Rethinking CLIP-based Video Learners in Cross-Domain Open-Vocabulary Action Recognition
- URL: http://arxiv.org/abs/2403.01560v2
- Date: Fri, 24 May 2024 14:47:03 GMT
- Title: Rethinking CLIP-based Video Learners in Cross-Domain Open-Vocabulary Action Recognition
- Authors: Kun-Yu Lin, Henghui Ding, Jiaming Zhou, Yu-Ming Tang, Yi-Xing Peng, Zhilin Zhao, Chen Change Loy, Wei-Shi Zheng,
- Abstract summary: In this paper, we focus on one critical challenge of the task, namely scene bias, and accordingly contribute a novel scene-aware video-text alignment method.
Our key idea is to distinguish video representations apart from scene-encoded text representations, aiming to learn scene-agnostic video representations for recognizing actions across domains.
- Score: 84.31749632725929
- License: http://arxiv.org/licenses/nonexclusive-distrib/1.0/
- Abstract: Building upon the impressive success of CLIP (Contrastive Language-Image Pretraining), recent pioneer works have proposed to adapt the powerful CLIP to video data, leading to efficient and effective video learners for open-vocabulary action recognition.
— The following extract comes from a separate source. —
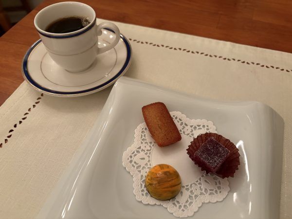 「可愛い小菓子とコーヒー」では、「アプリコットショコラ」「木イチゴのジュレ」「フィナンシェ」をいただきました。「ジュレ」は、今まで食べる機会があまりなかったのですが、ジューシーさに驚きました。
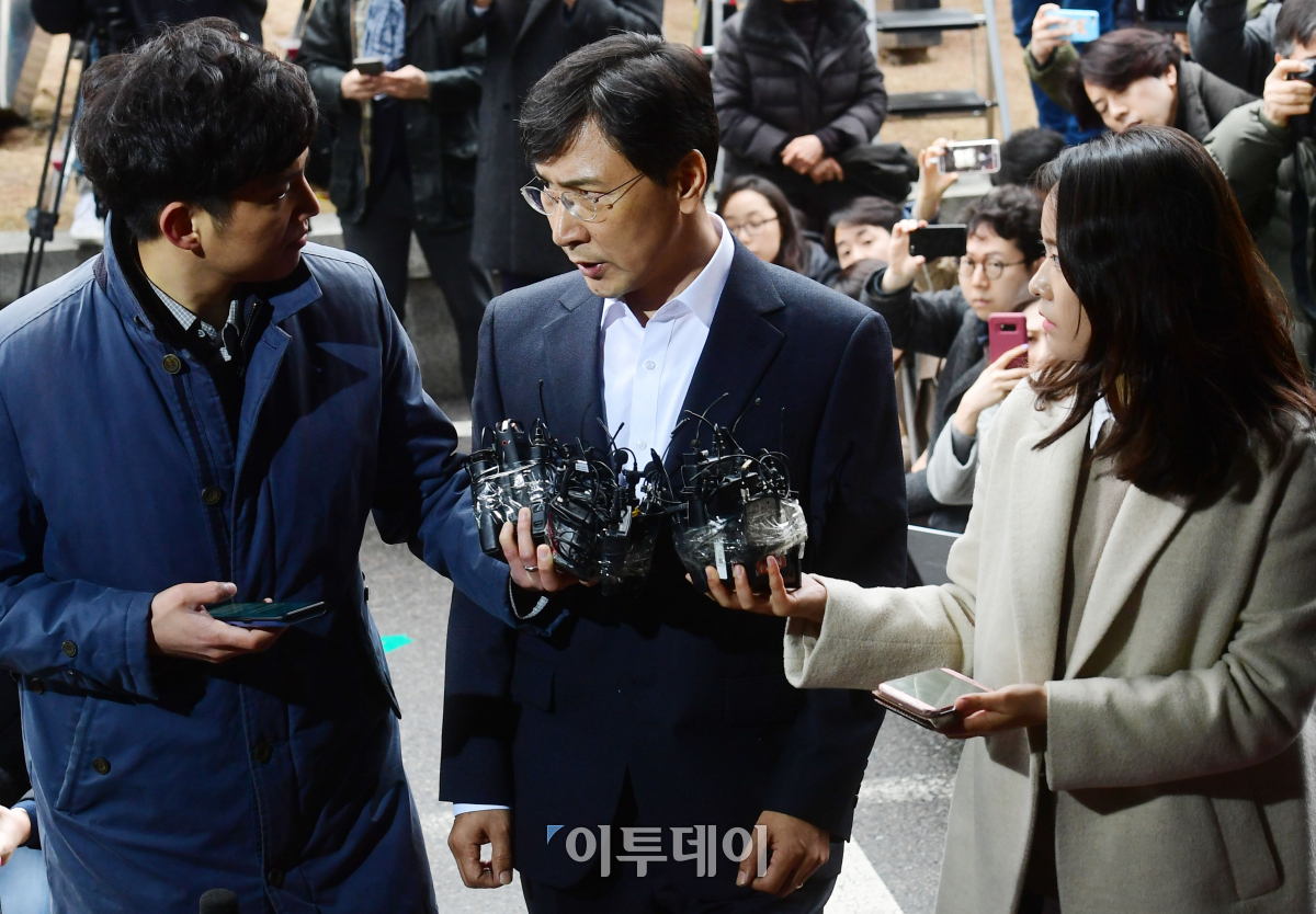 수행비서 성폭행 혐의를 받는 안희정 전 충남도지사가 19일 오전 서울 마포구 서부지검에 출석하고 있다. 검찰은 혐의 인정 여부, 증거인멸 가능성 등을 검토해 구속영장 청구 여부를 결정할 방침이다. 고이란 기자 photoeran@

Inspired by that humans perform actions in diverse environments, our work delves into an intriguing question: Can CLIP-based video learners effectively generalize to video domains they have not encountered during training? To answer this, we establish a CROSS-domain Open-Vocabulary Action recognition benchmark named XOV-Action, and conduct a comprehensive evaluation of five state-of-the-art CLIP-based video learners under various types of domain gaps. The evaluation demonstrates that previous methods exhibit limited action recognition performance in unseen video domains, revealing potential challenges of the cross-domain open-vocabulary action recognition task. In this paper, we focus on one critical challenge of the task, namely scene bias, and accordingly contribute a novel scene-aware video-text alignment method. Our key idea is to distinguish video representations apart from scene-encoded text representations, aiming to learn scene-agnostic video representations for recognizing actions across domains. Extensive experiments demonstrate the effectiveness of our method. The benchmark and code will be available at https://github.com/KunyuLin/XOV-Action/.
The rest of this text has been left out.